Rejim sendikalarının proletaryayı kendi ihtiyaçları için mücadeleye yönlendirmekten ziyade, daha önce militarizasyonunu destekledikleri burjuva hükümetinin yerine, kriz konusunda hiçbir şey yapamayacak, aynı derecede baskıcı olacak ama belki de mücadele eden Sri Lanka halkını kandırmakta daha iyi olabilecek başka bir "solcu" burjuva hükümetini geçirmek için işçi sınıfını kendi politikaları doğrultusunda kullandıkları açıktır.
Bu nedenle, Sri Lanka işçi sınıfının, mümkün olduğunca çok sayıda işçiyi
örgütlemeye çalışacak ve proleter eylem cephesi önderliğinde bir genel greve
doğru rejim sendikalarındaki işçilerle birlikte grev yapmaya çalışacak kendi
mücadeleci ekonomik sınıf mücadelesi organlarını - militan sendikaları -
geliştirmesi hayati önem taşımaktadır.
Mücadelenin Olağanüstü
Dayanıklılığı
Mücadele aylardır devam ediyor ve protestocular zerre kadar geri adım atmadılar: polisle savaştılar, kuşatmayla savaştılar ve orduyla savaştılar. Başlangıçta tamamen barışçıl olduğunu ilan eden protestocular, hükümetin şiddetle bastırma girişimlerine karşı inanılmaz bir direnç göstererek askerlere, polise saldırdı ve hatta cumhurbaşkanının evine girmeye çalıştı.
Hükümetin lümpenproletarya üyelerini "hükümet yanlısı protestocular" olarak alaycı bir şekilde kullanarak protestoculara şiddetle saldıran bir güruh oluşturduğu 9 Mayıs’taki sert bir baskının ardından, güruh işçiler, köylüler ve küçük burjuvazi tarafından püskürtüldü. Hareket daha sonra geri adım atmadı ve devam etti. Artık gelecekte bu tür pasifist yanılsamaların kazanmak için yeterli olmayacağını fark etmiş olabilir.

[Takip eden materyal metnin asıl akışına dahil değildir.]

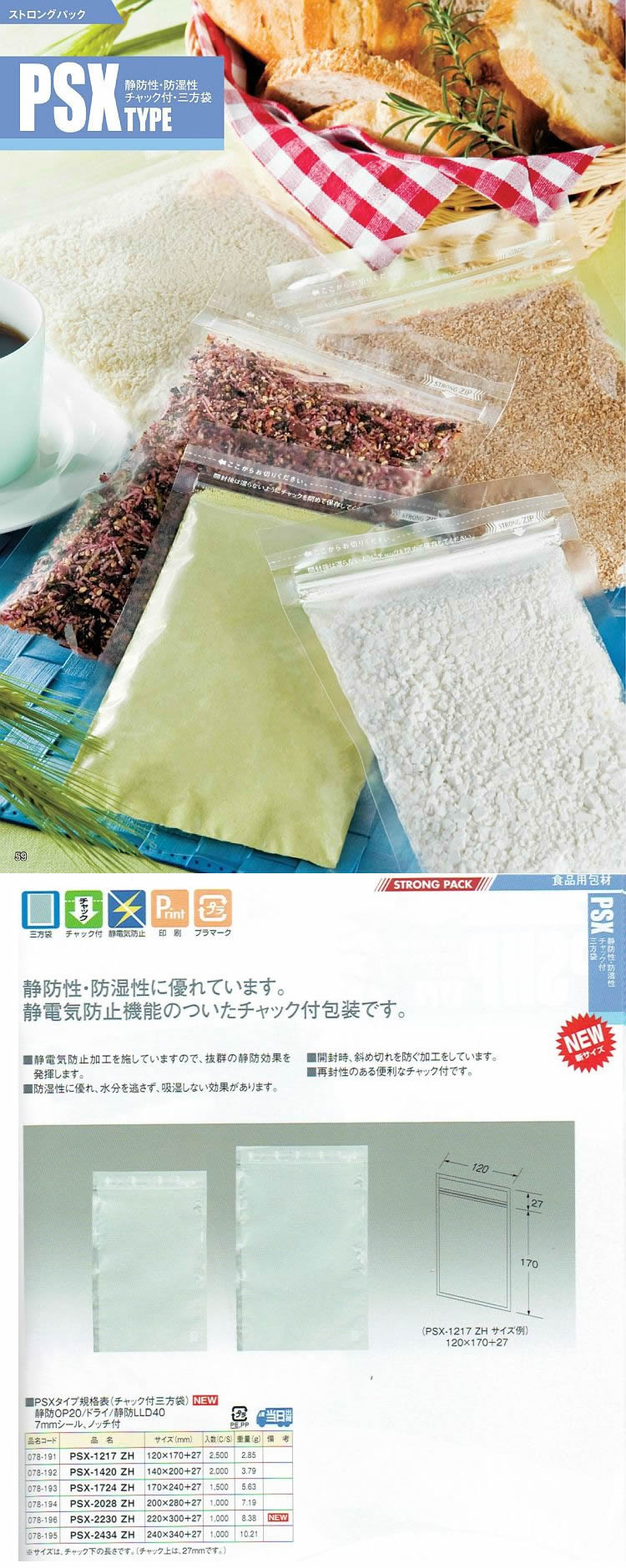 PSXタイプ三方袋は静防性・防湿性に優れており、静電気防止機能のついたチャック付包装です。開封時、斜め切れを防ぐ加工をしています。

Nihayetinde kesin olan şey, şu anda hareketin hala orta sınıflar tarafından kontrol edildiği, işçilerin çoğunlukla pasif olduğu ve rejimin sendikalarını takip ettiği ve bu nedenle, işçiler hareketin liderliğini üstlenmedikçe, Kazakistan’daki ayaklanmayla aynı yüksekliklere ulaşamayacağıdır.

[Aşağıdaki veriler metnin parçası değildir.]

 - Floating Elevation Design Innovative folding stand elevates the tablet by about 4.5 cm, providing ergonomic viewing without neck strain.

Bununla birlikte, daha önce de belirtildiği gibi, protestocular arasında kayda değer bir partizan olmama durumu söz konusudur; protestocuların birçoğu burjuva partilerinden hiçbirine üye değildir, tüm "muhalefet" partileri hareketi kendi amaçları doğrultusunda kontrol etmekte başarısız olmuş ve liderlik böylece ademi merkeziyetçi ve bağımsız kalmıştır. Her halükarda tüm burjuva partilerinin reddedilmesi, gelecekteki gelişmeler için iyiye işaret eden olumlu bir etmendir.
Sri Lanka işçi sınıfının kendi sınıf mücadelesi organlarını oluşturması gerektiği açıktır, böylece bu tür bir krize yakalandığında ve "barışçıl" zamanlarda kapitalizmin genel kemik kırıcı eziyetinin yanı sıra, kendini savunabilir ve durum kendini sunduğunda devrimci saldırıya geçebilir. Ekonomik mücadeleler için bağımsız militan sendikalar kurmalı ve siyasi hareketler için proletaryanın devrimci partisi, Enternasyonal Komünist Partisi içinde militanlaşmalıdır. Ciddi bir ekonomik sorunun çözümünün yalnızca siyasi olabileceği bir durum ile karşı karşıyayız: çözüm için tek seçenek burjuvazinin devrilmesi.